Provide again, from the entries below, every line from the one containing "Détail de la porte d'entrée (en 1979)." through the one containing "Obr. 1 Výběr", exactly as written, and no other line.

◆ Exercise data ◆
####################

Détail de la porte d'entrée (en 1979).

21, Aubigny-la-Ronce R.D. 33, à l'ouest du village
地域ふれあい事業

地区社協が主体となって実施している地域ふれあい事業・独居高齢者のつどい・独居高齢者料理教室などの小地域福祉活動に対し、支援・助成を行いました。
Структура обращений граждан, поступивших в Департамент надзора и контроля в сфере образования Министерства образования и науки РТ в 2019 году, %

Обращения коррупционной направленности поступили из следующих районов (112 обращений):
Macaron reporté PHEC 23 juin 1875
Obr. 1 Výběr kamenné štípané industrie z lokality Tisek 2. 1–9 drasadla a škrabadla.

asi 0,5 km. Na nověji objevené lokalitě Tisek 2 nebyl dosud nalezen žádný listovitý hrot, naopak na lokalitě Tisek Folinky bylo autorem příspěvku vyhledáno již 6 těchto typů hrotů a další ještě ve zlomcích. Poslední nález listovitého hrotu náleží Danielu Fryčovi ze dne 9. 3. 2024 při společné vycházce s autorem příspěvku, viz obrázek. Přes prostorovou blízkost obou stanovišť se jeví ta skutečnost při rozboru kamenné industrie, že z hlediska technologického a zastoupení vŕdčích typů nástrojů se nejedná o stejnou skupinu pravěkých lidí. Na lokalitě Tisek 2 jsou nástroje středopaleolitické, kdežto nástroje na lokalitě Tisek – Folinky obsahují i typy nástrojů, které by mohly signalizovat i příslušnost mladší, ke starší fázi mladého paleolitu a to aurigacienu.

####################

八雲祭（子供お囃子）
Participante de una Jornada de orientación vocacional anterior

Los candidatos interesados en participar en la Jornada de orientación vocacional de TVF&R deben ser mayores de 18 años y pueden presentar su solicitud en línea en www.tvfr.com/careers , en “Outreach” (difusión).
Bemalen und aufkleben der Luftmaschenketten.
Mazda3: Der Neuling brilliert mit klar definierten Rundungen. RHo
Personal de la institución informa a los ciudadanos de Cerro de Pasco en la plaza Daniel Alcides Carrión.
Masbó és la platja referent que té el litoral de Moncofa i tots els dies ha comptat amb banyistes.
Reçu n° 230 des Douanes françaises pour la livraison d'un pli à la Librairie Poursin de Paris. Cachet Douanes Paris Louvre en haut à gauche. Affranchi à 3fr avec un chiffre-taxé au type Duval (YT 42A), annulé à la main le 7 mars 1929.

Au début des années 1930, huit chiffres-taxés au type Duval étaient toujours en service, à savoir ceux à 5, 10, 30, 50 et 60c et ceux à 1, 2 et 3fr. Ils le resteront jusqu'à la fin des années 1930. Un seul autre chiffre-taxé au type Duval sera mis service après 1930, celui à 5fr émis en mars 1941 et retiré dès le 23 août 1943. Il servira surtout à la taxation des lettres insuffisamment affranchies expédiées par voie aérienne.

####################

◆ Answer to this problem ◆
Détail de la porte d'entrée (en 1979).

21, Aubigny-la-Ronce R.D. 33, à l'ouest du village
地域ふれあい事業

地区社協が主体となって実施している地域ふれあい事業・独居高齢者のつどい・独居高齢者料理教室などの小地域福祉活動に対し、支援・助成を行いました。
Структура обращений граждан, поступивших в Департамент надзора и контроля в сфере образования Министерства образования и науки РТ в 2019 году, %

Обращения коррупционной направленности поступили из следующих районов (112 обращений):
Macaron reporté PHEC 23 juin 1875
Obr. 1 Výběr kamenné štípané industrie z lokality Tisek 2. 1–9 drasadla a škrabadla.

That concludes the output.